The task
Beneath this sentence is a listing. Return its lines from the one containing "南极人 衬衫女长袖2020秋季新款韩版时尚宽松女装衬衣气质翻领蕾丝勾花刺绣小衫上衣潮 粉色" through the last, exactly, and omit the pictures.

*** Opening Data block ***

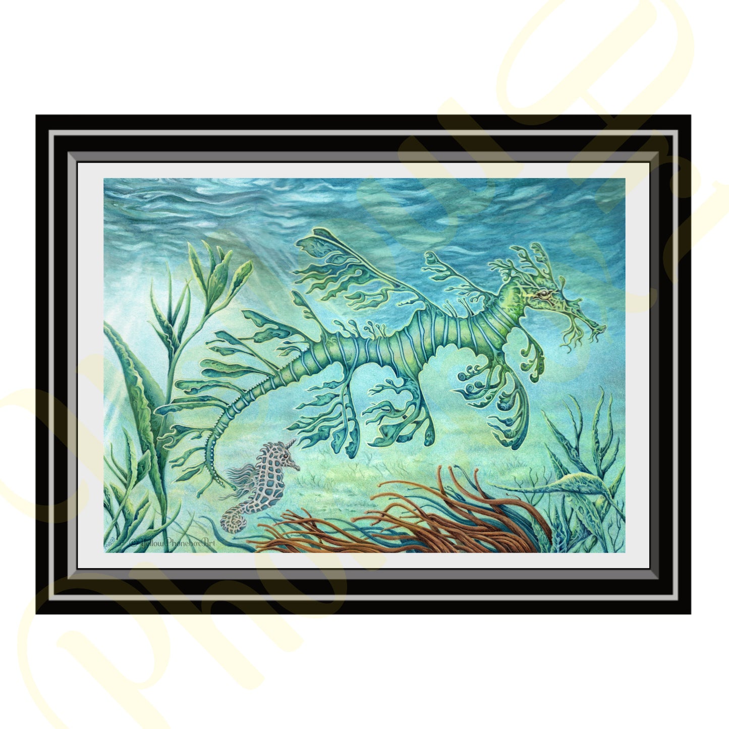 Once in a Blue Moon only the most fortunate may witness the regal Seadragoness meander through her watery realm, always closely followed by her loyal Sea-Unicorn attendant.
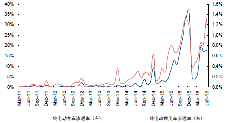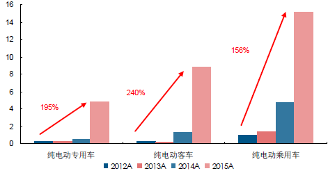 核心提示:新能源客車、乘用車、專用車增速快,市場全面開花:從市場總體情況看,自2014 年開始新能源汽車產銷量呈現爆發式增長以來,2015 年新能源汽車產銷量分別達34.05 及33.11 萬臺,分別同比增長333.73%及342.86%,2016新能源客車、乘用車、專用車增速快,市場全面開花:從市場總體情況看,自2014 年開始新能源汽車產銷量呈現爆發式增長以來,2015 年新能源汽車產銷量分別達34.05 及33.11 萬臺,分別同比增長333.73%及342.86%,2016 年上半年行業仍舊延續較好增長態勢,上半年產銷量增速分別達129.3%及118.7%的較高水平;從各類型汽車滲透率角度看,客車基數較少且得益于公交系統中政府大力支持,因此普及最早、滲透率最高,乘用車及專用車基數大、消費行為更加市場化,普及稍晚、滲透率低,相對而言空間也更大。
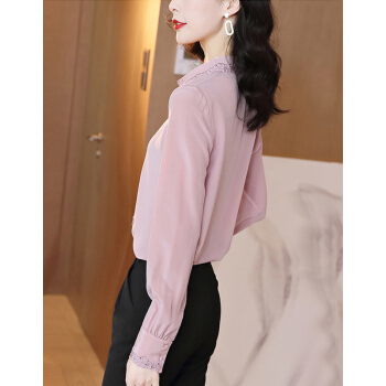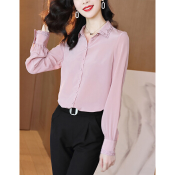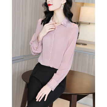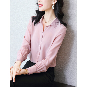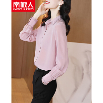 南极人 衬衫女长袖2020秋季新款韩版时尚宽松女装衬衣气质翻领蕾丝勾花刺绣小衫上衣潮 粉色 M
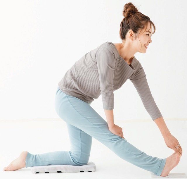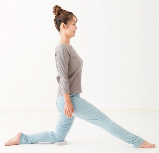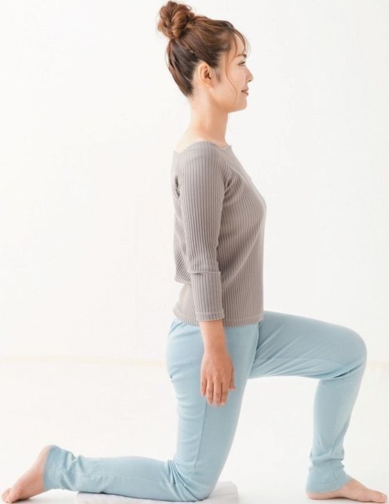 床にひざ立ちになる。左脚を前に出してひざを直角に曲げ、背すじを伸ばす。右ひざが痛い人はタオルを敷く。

*** Closing Data block ***

Output below
 南极人 衬衫女长袖2020秋季新款韩版时尚宽松女装衬衣气质翻领蕾丝勾花刺绣小衫上衣潮 粉色 M
 床にひざ立ちになる。左脚を前に出してひざを直角に曲げ、背すじを伸ばす。右ひざが痛い人はタオルを敷く。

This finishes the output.